Starting with the line where "Khamiis, Juun 5, 2025" appears, print every line through the end of the entries below exactly as it stands, and leave out the pictures.

========================

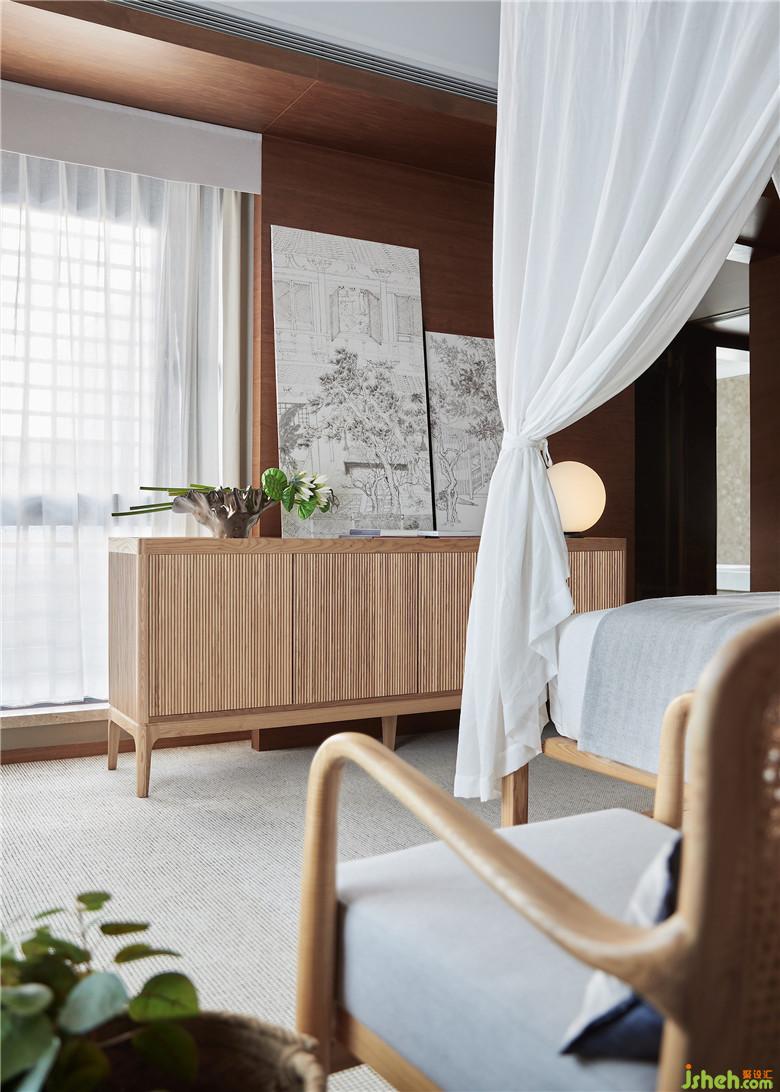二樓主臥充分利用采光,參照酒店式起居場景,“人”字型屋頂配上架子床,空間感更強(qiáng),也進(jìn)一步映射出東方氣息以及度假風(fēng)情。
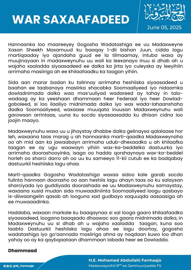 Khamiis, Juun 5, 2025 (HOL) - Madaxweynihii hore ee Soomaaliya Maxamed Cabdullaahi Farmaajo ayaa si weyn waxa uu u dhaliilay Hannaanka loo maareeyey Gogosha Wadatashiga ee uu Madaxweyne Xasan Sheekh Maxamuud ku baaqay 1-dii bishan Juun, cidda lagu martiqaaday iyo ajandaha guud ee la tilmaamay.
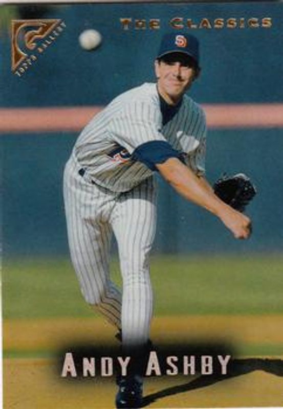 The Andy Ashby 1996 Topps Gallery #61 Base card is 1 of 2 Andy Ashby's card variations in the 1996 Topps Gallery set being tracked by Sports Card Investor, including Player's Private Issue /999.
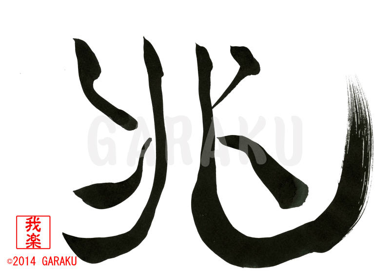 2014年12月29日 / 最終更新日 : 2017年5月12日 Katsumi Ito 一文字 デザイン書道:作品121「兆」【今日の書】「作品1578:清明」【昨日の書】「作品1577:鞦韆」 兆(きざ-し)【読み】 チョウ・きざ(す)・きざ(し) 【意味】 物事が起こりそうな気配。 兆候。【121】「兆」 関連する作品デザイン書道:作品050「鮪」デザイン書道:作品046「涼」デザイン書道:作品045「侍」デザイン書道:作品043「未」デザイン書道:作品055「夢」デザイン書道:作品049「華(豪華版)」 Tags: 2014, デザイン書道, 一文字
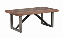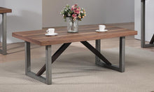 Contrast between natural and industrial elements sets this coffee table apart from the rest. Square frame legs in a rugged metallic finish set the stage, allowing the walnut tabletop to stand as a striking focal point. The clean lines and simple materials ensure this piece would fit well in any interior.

========================

> _OUTPUT BELOW_
 Khamiis, Juun 5, 2025 (HOL) - Madaxweynihii hore ee Soomaaliya Maxamed Cabdullaahi Farmaajo ayaa si weyn waxa uu u dhaliilay Hannaanka loo maareeyey Gogosha Wadatashiga ee uu Madaxweyne Xasan Sheekh Maxamuud ku baaqay 1-dii bishan Juun, cidda lagu martiqaaday iyo ajandaha guud ee la tilmaamay.
 The Andy Ashby 1996 Topps Gallery #61 Base card is 1 of 2 Andy Ashby's card variations in the 1996 Topps Gallery set being tracked by Sports Card Investor, including Player's Private Issue /999.
 2014年12月29日 / 最終更新日 : 2017年5月12日 Katsumi Ito 一文字 デザイン書道:作品121「兆」【今日の書】「作品1578:清明」【昨日の書】「作品1577:鞦韆」 兆(きざ-し)【読み】 チョウ・きざ(す)・きざ(し) 【意味】 物事が起こりそうな気配。 兆候。【121】「兆」 関連する作品デザイン書道:作品050「鮪」デザイン書道:作品046「涼」デザイン書道:作品045「侍」デザイン書道:作品043「未」デザイン書道:作品055「夢」デザイン書道:作品049「華(豪華版)」 Tags: 2014, デザイン書道, 一文字
 Contrast between natural and industrial elements sets this coffee table apart from the rest. Square frame legs in a rugged metallic finish set the stage, allowing the walnut tabletop to stand as a striking focal point. The clean lines and simple materials ensure this piece would fit well in any interior.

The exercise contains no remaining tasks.